How big is Proxima Centauri?
Proxima Centauri is a dM5e star (dwarf M5 emission-line star) with a luminosity of 0.00006 times the sun that was discovered in 1913 when it was at that time 0.1 light years closer than Alpha Centauri. The mass of this star is 0.1 times the Sun, and its radius is probably about 1/2 that of the Sun or so.

Today, its orbit around Alpha Centauri (distance = 4.395 light years) now puts it at a distance of 4.223 light years according to the Hipparcos Satellite.
Proxima is located about 13,000 AUs from Alpha Cantauri A and B. The star is located roughly a fifth of a light-year from the AB binary pair and, if gravitationally bound to it, may have an orbital period of around half a million years. According to Anosova et al (1994), however, its motion with respect to the AB pair is hyperbolic.

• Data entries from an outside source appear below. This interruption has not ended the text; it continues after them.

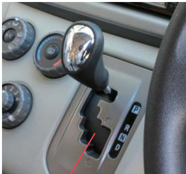
ゲート式シフトノブ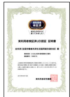
実利用者 ユニバーサルデザイン認証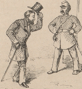
Der Niedergelassene der löblichen Stadt Zürich reist nun seit Annahme des Bürgerrechtsartikels viel selbstbewußter davon als vorher.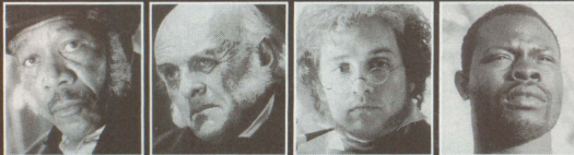
モーガン フリーマン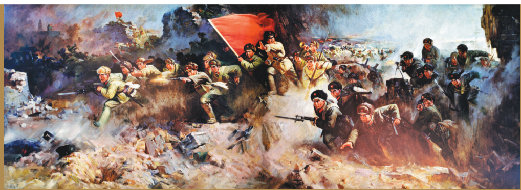
《攻克锦州》布面油画 1961年 150cm x 310cm 中国国家博物馆藏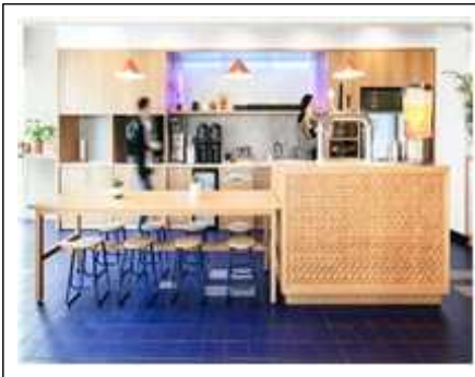
위워크 풀 서비스 팬트리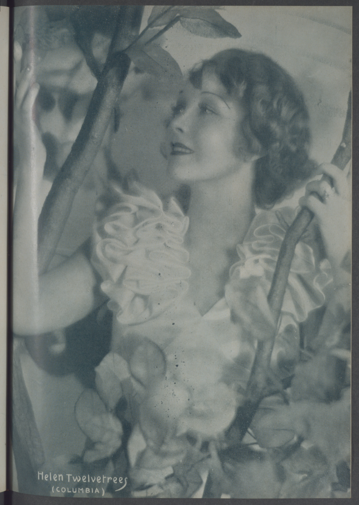
Helen Twelvetrees (COLUMBIA)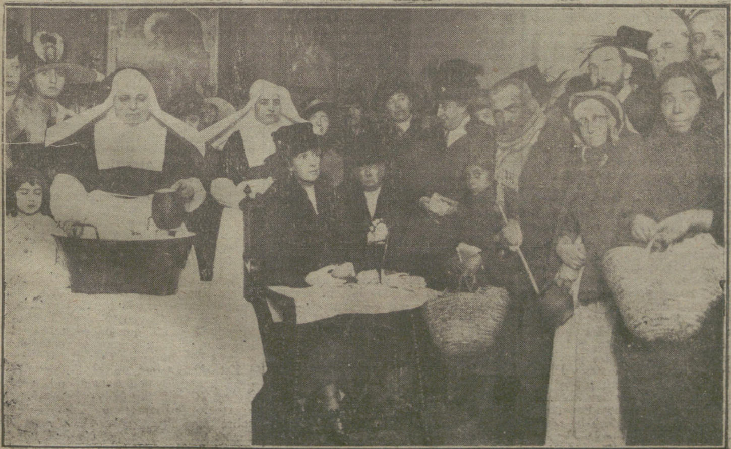
S. M. la Reina Victoria y S. A. la Infanta Doña Isabel repartiendo comidas á los pobres en el Hospital de inválidos «El Carmel»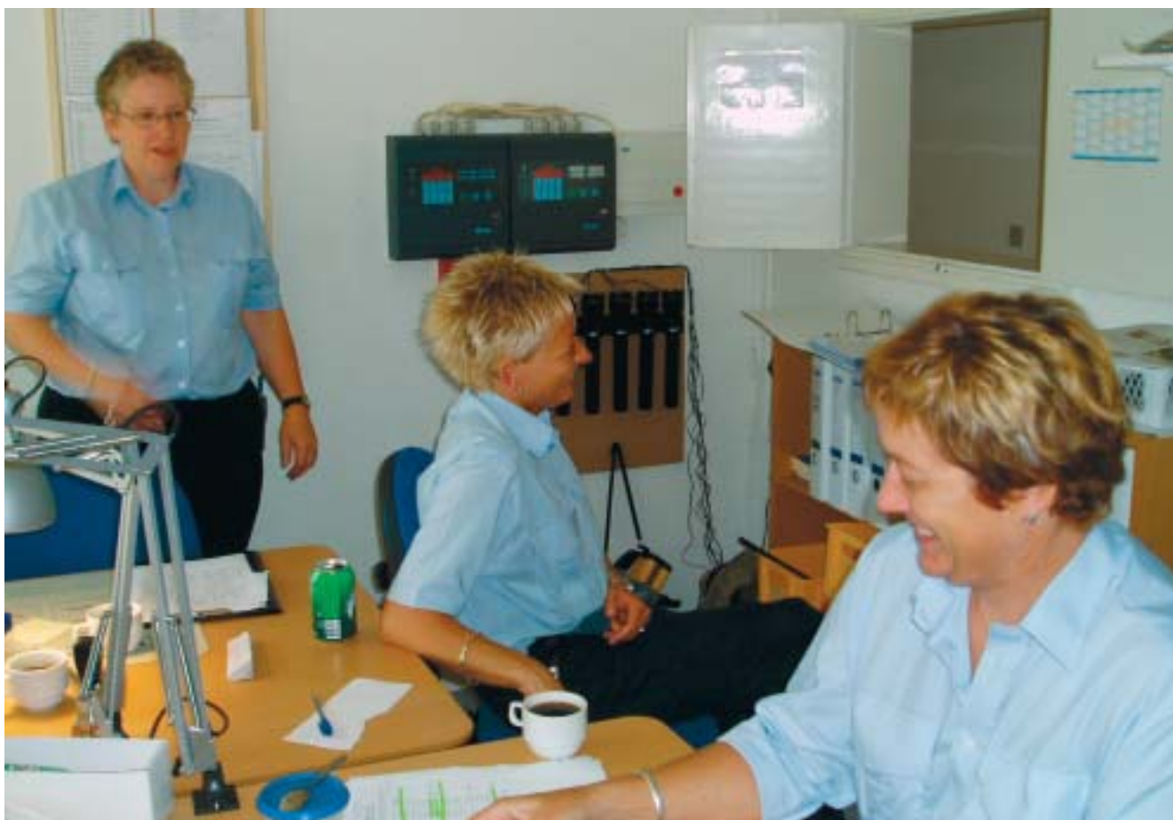
Tre af de ansatte under en pause fra dagens gøremål.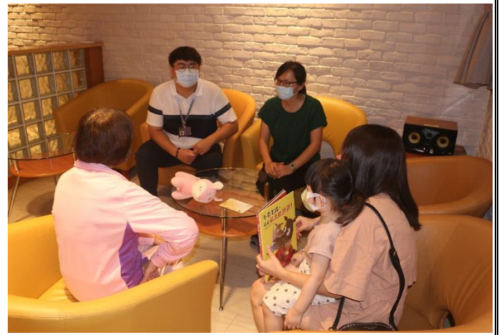
母親含淚地說：「希望他出監能有所改變」

Alpha Centauri A and B orbit each other at a distance of about 2.2 billion miles (3.6 billion kilometers), a bit more than the distance from the Sun to planet Uranus. It takes 80 years for them to complete an orbit. Proxima Centauri is nearer to Earth than the other two stars, by the rather large distance -- roughly 10,000 times the distance from Earth to the Sun. All three known stars in the system were born about 4.85 billion years ago, astronomers believe. Our Sun began shining about 4.6 billion years ago. The A and B stars are both about the same temperature as the Sun. Proxima Centauri is about seven times smaller than the Sun. It contains just enough mass to cause hydrogen to burn, and it is much cooler and, intrinsically, only about 1/150th as bright as the Sun. This small star is barely a star at all, in fact. Its mass is just above that of brown dwarfs, a class of object that seems to straddle the definition between stars and planets. Though 150 times more massive than Jupiter, Proxima Centauri is only about 1.5 times bigger than the planet.